Normally if I’m working on an outbreak response I won’t be in Cambridge. My research often requires me to travel many thousands of miles in order to observe or participate in a response. Watching one unfold from my own apartment, here in Cambridge, is a novel experience for me.
I’m currently participating in several COVID-19-related projects. The one I’m most involved with is a COVID-19 surveillance platform, which I’m developing with Emma Glennon and Dr Olivier Restif in the Vet School, in collaboration with a number of researchers across Europe, North America and Africa. The platform is aimed at helping public health officials working in resource-limited settings to rapidly detect potential COVID-19 outbreaks.
My research usually involves ethnographic observation, which means directly watching and documenting an outbreak response as it unfolds. This helps us to understand the factors that informed its trajectory and thus its overall effectiveness. With our larger surveillance platform project, I’m now doing more coordination and administrative work. In some ways this is nice, as I get to work closely with our research partners and funders.

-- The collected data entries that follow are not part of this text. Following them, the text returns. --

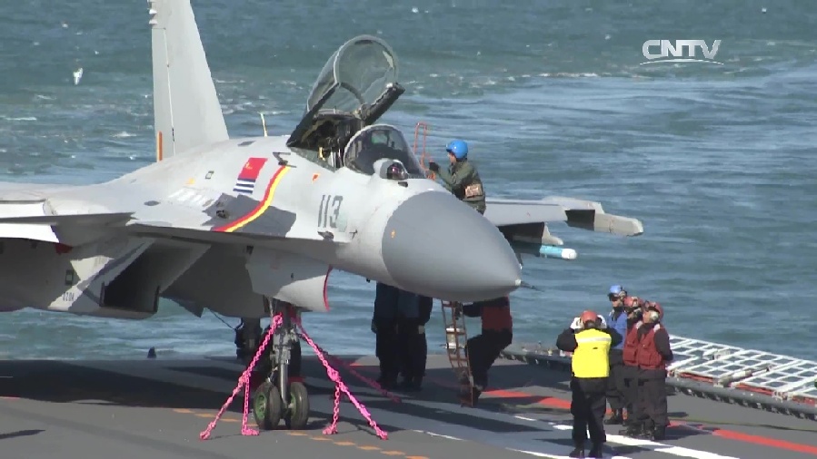 日前,海军辽宁舰在渤海某海域进行舰机融合训练,新一批歼-15舰载战斗机飞行员驾机完成触舰复飞、阻拦着舰等多个课目训练。中央军委委员、海军司令员吴胜利,海军政委苗华率海军党委班子成员在辽宁舰参训并指导舰机融合训练。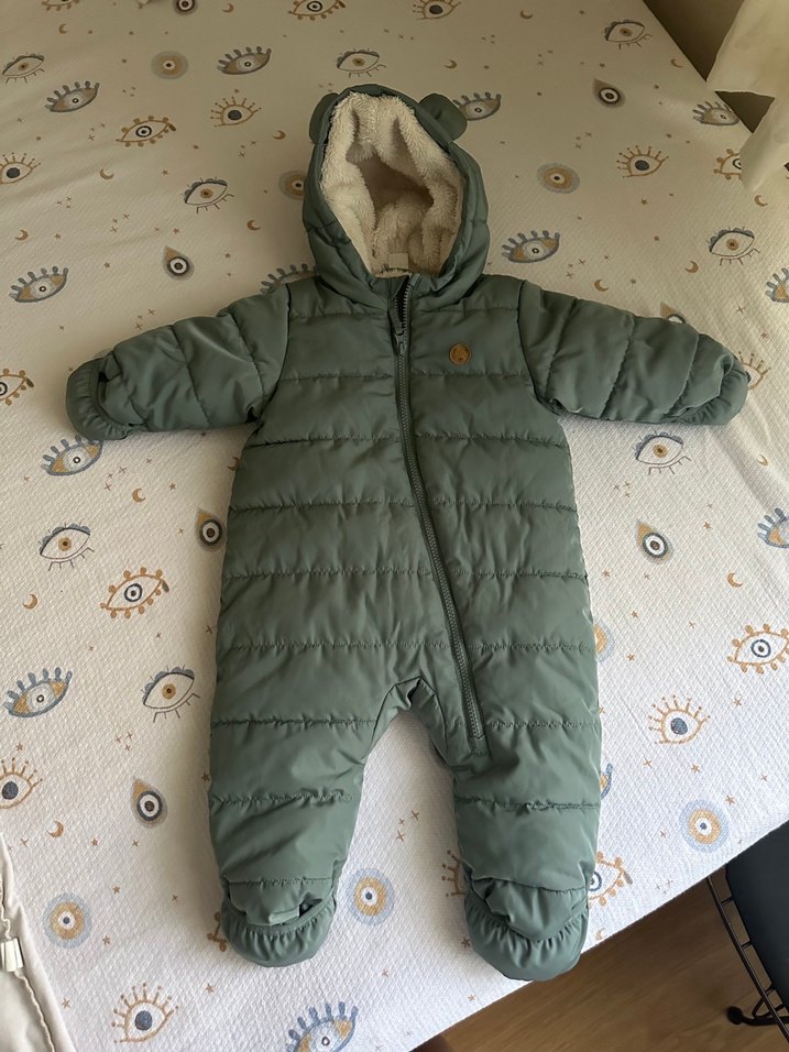 Petrol yeşili renkte, yumuşak ve sıcak kumaştan, kapüşonlu ve kulak detaylı, kürklü bebek kayak tulumu. Önden fermuarlı ve ayakları kapalı, sokak stili için uygun. Hiç bir sorunu yoktur mağazadan alınmış gibi çok kısa kullanıldı zaten. Sıcacık tutuyor kar tatilinde bile kullandık.❄️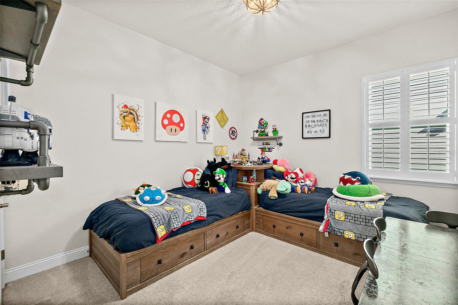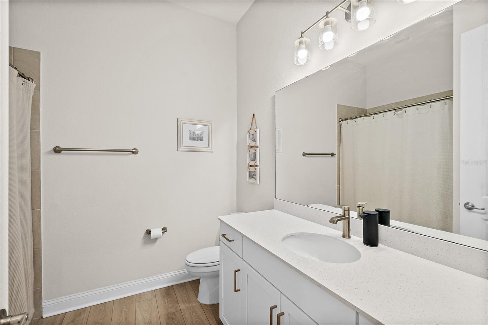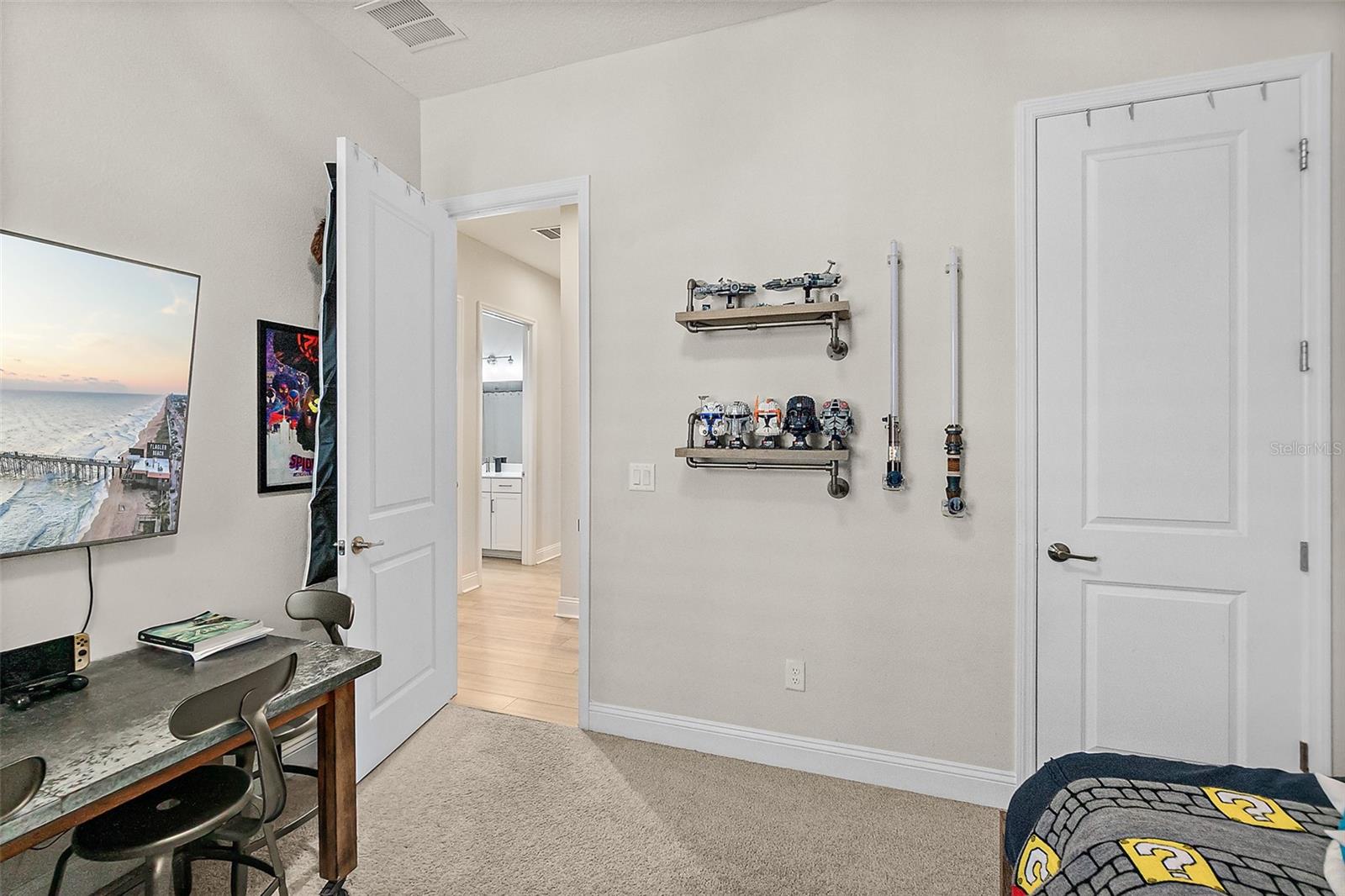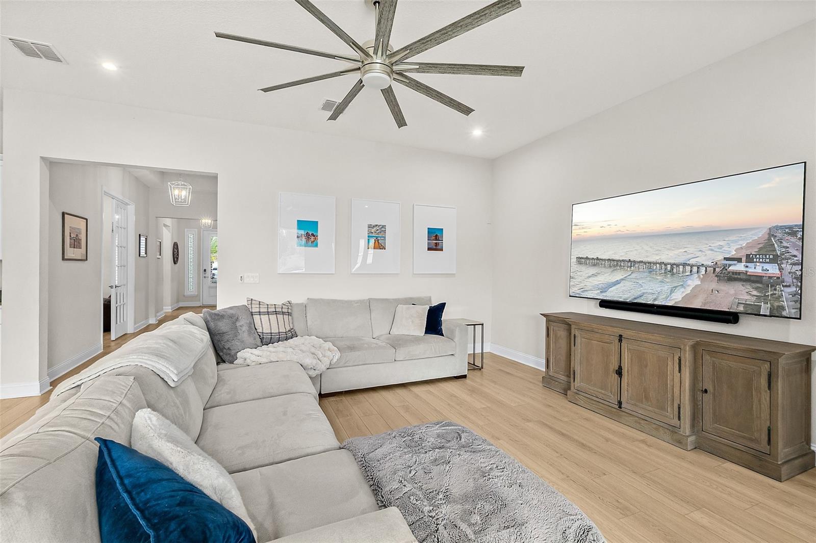 Owner pride truly shows in this Holton Farmhouse plan by Mattamy Homes in the Arbors at Rivertown. You will appreciate the upgraded features and enjoy living is this open concept single story home. The 8' doors, 5 1/4'' base molding, and luxury vinyl plank flooring are impressive. 4 bedrooms plus a study with french doors provide lots of family options. Beautiful ceiling fans, light fixtures, and plantation shutters throughout. Master suite features a tray ceiling, dual vanities, large walk-in shower and closet with storage organizers. These Boaxel organizers have been added throughout the storage areas and closets. Other great features include a water softener, EV charging outlet, electronic shade for sliding glass doors, extended lanai and paver patio, vinyl privacy fence, gutters & downspouts, and custom landscaping. Great location in the community close to the new Hallowes Cove Academy, Riverview Lodge, and all the outstanding amenities that Rivertown has to offer!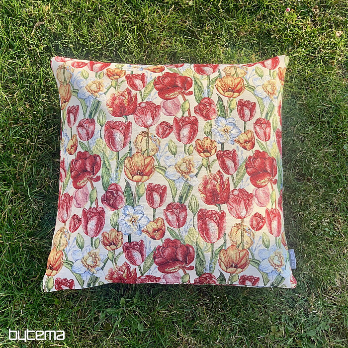 Prekrasna tapiserija s proljetnim cvijećem tulipana i narcisa. Prekrasna šarena poplava cvijeća i proljeća u vašem domu.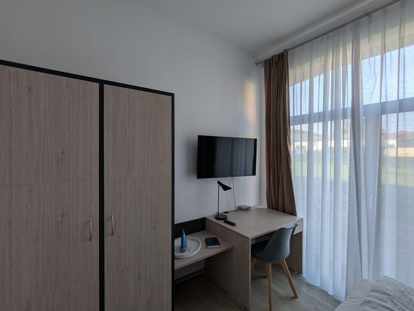 Eine ausziehbare Schlafcouch für bis zu 2 Personen ist vorhanden.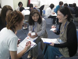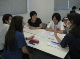 第4回目の講座では、日本語学習ポートフォリオと学習者オリエンテーションについて考えました。受講者の携わる教室で使用しているポートフォリオをみながら、その特徴やねらいなどを話し合ったほか、コース開始前にオリエンテーションを行う重要性や組み込む内容などを話し合いました。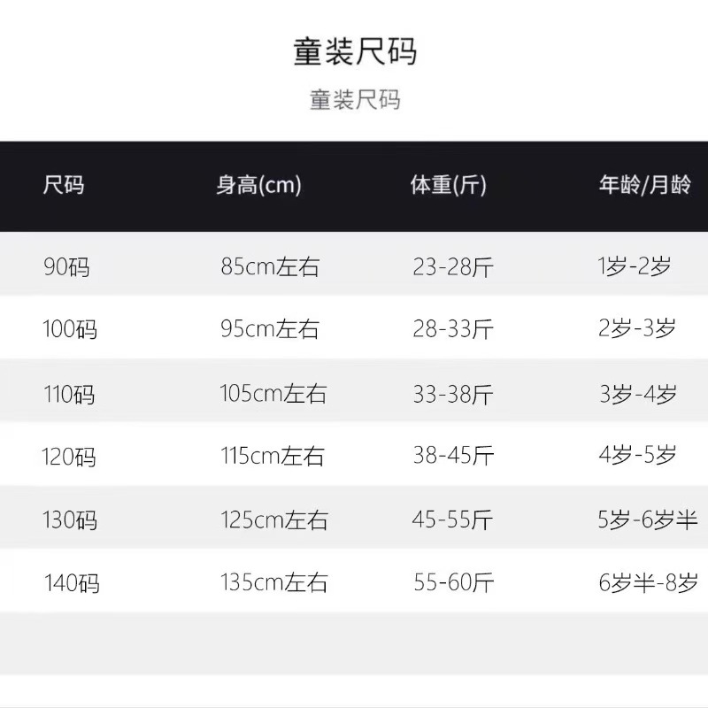 适合身高 90码,100码,110码,120码,130码,140码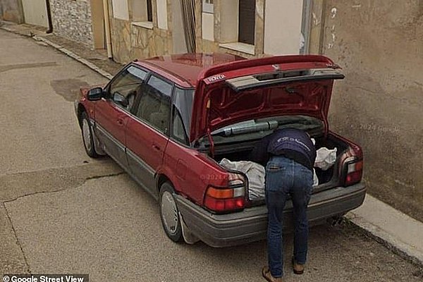 Οι εικόνες, τις οποίες τράβηξε ένα από τα van της Google, δείχνουν έναν άντρα να φορτώνει ένα μεγάλο, λευκό σάκο στο πορτ-μπαγκάζ του αυτοκινήτου.

The drawback is that I’m not taking full advantage of the opportunity to directly observe a pandemic response unfolding.
Mounting an effective response to this pandemic will be extremely difficult because of variable information about how the disease is affecting different populations. Surveillance data informs response efforts by telling us where the disease is, who is being affected, and how well our interventions are going. Populations already well served by health systems – often groups of higher socio-economic status – tend to be captured by surveillance. Other groups, for instance rural sub-Saharan populations or minorities living in large North American cities, are just not visible in the same way. It is often only after the fact that we can estimate the damage in these populations.
As part of the Disease Dynamics Unit I have always enjoyed a supportive University research community. What’s caught me by surprise during the COVID-19 pandemic has been the extent of my colleagues’ commitment to helping me and my collaborators see our COVID-19 surveillance platform realised. For instance, with the unprecedented amount of email traffic I’ve inevitably overlooked important funding opportunities. But whenever this has occurred a colleague has stepped in, or taken the time to draw my attention to it. Knowing that people have your back in that way is hugely sustaining.
Medical anthropology can help us be better prepared for ‘the next time’. The trajectory of a particular outbreak response is determined by a mix of political, social and ecological factors. Often these larger forces are the sum of seemingly innocuous personal undertakings by the population affected by the outbreak, and the public health professionals and other decision-makers charged with containing it. Medical anthropology enables us to locate and understand these influential, easily overlooked, moments of discretion. It can help us understand the gap between how we had imagined our outbreak surveillance and response systems would manage the COVID-19 pandemic, and what actually happened.
I hope that interdisciplinary research like mine will be better funded in the future. Since the late 1980s there has been an emphasis on reactive responses, and technological solutions to emerging infectious disease threats. Research and development into novel vaccines, surveillance technologies and targeted treatments are often prioritised. These all have a place in disease control, but their power is limited in the absence of basic public health infrastructure, or in societies with significant social inequality.
Freya Jephcott is a Research Fellow at Cambridge University’s Disease Dynamics Unit, in the Department of Veterinary Medicine.